All lines below starting at the one that holds "400 Personen Feinbeisser" and ending at the one that holds "Набор упакован в" should be printed exactly, ends included. Pictures should not be printed, nor anything else.

[Material provided]:
- Opening Delimiter -
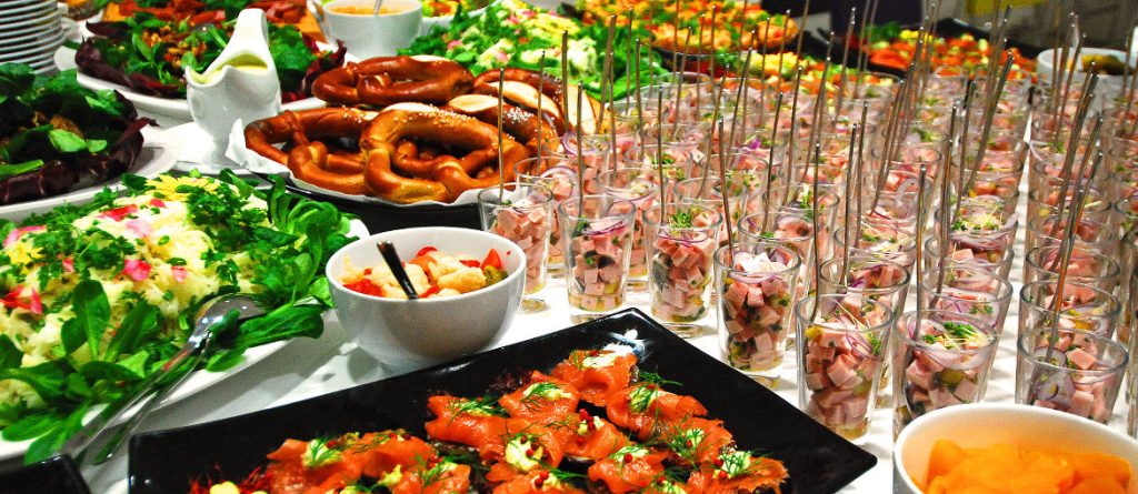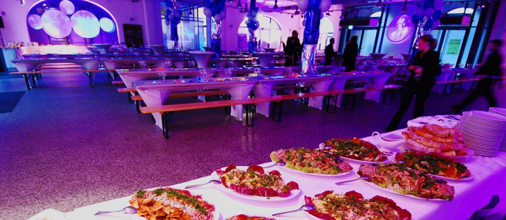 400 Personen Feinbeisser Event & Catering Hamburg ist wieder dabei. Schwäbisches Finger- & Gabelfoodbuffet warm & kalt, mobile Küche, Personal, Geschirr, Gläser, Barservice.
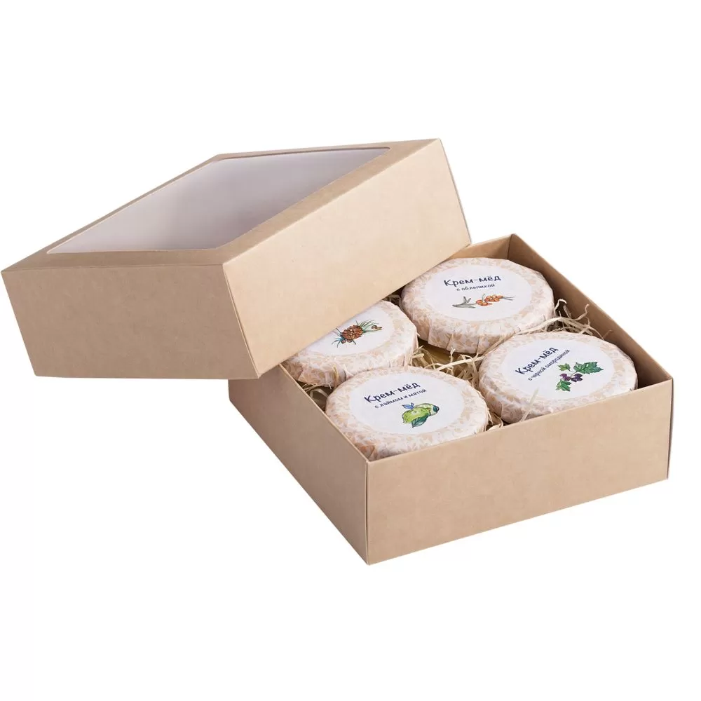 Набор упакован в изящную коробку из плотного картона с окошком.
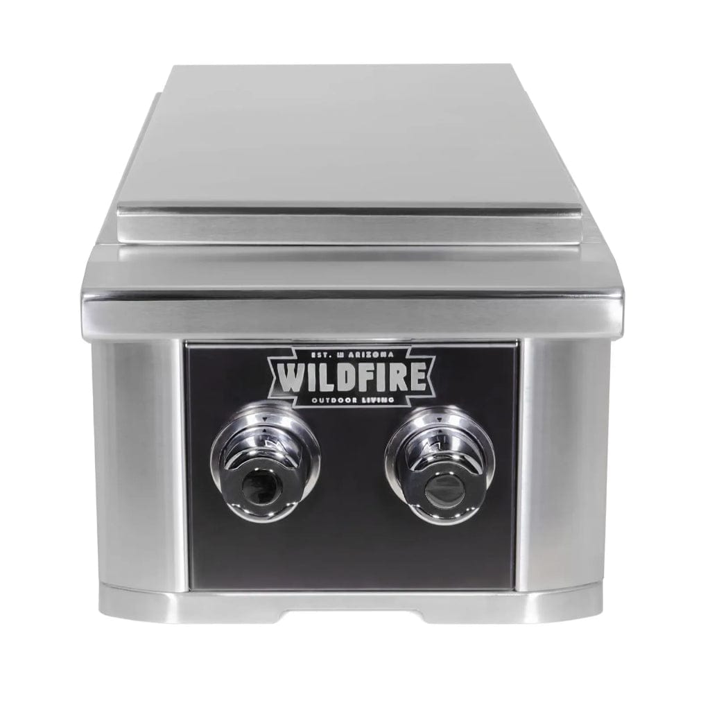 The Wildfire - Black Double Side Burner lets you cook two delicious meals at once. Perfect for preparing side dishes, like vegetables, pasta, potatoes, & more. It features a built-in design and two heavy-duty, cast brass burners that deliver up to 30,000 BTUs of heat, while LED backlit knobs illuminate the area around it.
- Closing Delimiter -
- Opening Delimiter -
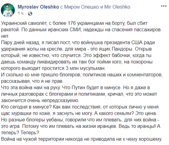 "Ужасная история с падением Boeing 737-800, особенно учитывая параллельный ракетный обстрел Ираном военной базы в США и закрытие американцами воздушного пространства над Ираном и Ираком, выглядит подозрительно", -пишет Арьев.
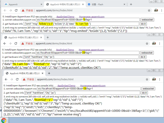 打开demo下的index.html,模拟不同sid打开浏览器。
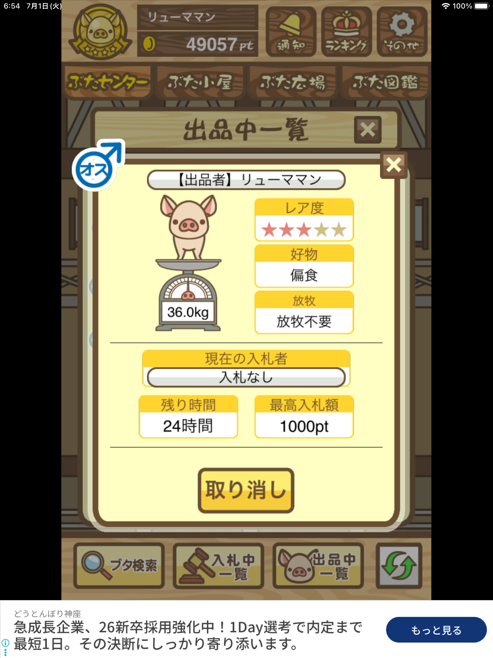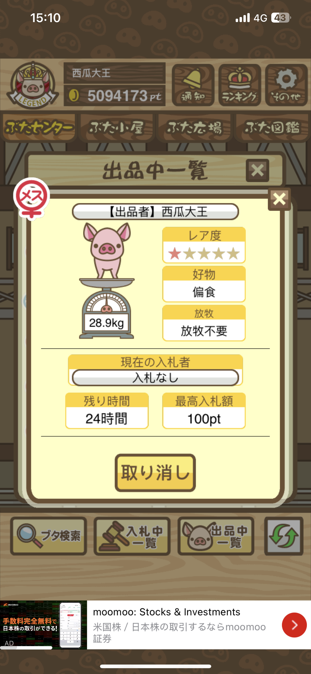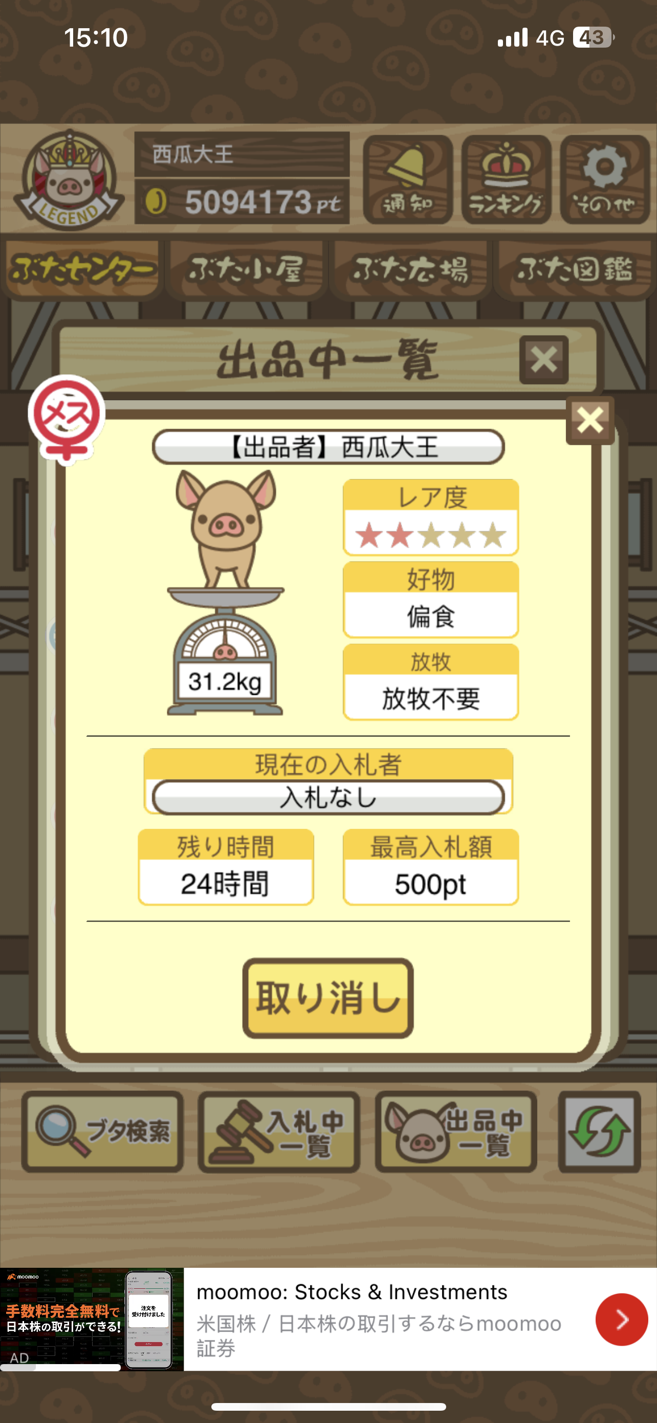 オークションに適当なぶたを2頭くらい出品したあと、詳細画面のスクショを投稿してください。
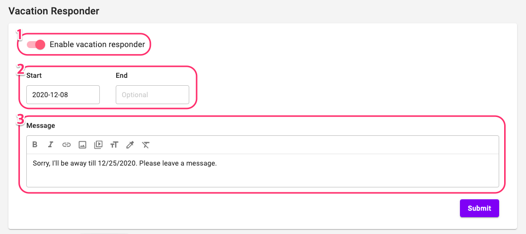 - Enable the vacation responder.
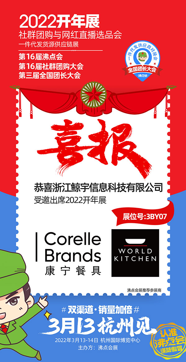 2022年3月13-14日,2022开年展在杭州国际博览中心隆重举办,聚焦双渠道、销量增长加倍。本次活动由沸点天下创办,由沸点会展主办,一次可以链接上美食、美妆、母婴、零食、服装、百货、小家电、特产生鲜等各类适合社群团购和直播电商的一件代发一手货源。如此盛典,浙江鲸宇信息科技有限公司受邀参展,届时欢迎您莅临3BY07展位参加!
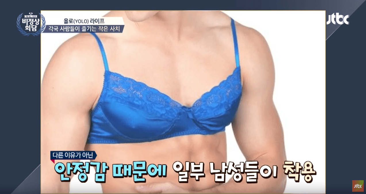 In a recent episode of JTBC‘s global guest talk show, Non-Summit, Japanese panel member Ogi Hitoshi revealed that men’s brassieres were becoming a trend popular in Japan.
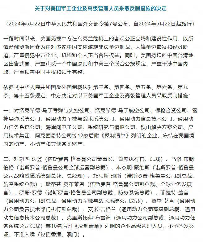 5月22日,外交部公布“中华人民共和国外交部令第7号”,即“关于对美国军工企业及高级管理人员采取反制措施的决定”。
- Closing Delimiter -
- Opening Delimiter -
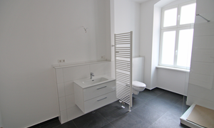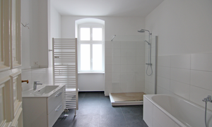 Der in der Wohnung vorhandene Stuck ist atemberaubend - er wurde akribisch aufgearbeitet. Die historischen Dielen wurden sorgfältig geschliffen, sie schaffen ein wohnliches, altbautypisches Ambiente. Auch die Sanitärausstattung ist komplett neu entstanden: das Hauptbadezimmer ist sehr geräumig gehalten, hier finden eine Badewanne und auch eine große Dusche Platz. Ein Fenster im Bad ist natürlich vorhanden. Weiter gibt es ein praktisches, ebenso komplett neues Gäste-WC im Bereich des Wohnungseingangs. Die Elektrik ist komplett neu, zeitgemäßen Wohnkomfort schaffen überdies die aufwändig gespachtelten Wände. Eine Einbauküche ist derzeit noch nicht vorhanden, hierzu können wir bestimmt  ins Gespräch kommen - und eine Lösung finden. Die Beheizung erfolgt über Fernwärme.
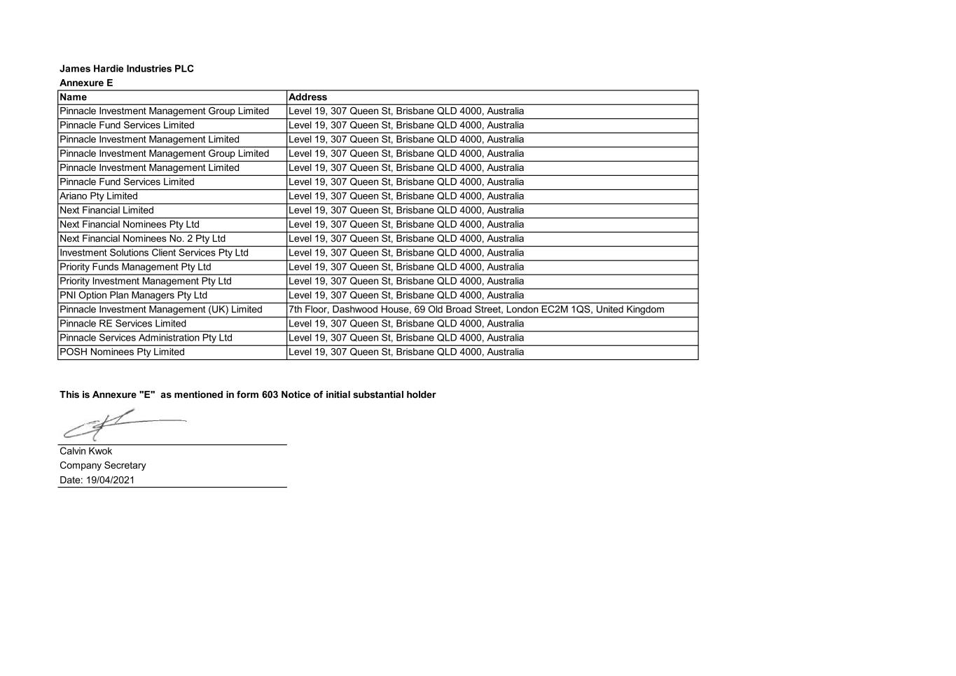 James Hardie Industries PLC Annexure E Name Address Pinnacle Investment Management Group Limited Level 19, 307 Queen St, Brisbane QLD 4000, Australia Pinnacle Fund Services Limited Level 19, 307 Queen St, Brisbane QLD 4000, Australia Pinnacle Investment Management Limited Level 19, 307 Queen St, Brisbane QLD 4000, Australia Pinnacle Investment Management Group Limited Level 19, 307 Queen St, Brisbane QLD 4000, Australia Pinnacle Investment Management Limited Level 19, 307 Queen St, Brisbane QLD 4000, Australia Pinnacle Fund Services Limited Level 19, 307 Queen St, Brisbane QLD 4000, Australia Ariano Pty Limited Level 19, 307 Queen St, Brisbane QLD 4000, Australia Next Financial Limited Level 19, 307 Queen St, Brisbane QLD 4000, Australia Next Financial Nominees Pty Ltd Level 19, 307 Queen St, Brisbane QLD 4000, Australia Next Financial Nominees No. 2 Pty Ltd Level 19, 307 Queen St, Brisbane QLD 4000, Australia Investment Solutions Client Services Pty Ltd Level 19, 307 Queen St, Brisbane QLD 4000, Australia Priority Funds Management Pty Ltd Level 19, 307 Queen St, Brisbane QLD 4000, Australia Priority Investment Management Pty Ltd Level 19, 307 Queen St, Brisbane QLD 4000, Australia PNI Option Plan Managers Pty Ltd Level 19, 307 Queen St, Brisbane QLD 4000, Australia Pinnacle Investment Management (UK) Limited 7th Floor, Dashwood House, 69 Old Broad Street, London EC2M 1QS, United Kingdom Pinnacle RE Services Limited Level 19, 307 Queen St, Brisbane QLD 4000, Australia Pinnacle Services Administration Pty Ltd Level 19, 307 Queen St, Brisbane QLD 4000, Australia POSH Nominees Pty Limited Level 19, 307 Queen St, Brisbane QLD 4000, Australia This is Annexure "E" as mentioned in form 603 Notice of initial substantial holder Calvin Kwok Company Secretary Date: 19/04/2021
- Closing Delimiter -
[Result of the task]:
 400 Personen Feinbeisser Event & Catering Hamburg ist wieder dabei. Schwäbisches Finger- & Gabelfoodbuffet warm & kalt, mobile Küche, Personal, Geschirr, Gläser, Barservice.
 Набор упакован в изящную коробку из плотного картона с окошком.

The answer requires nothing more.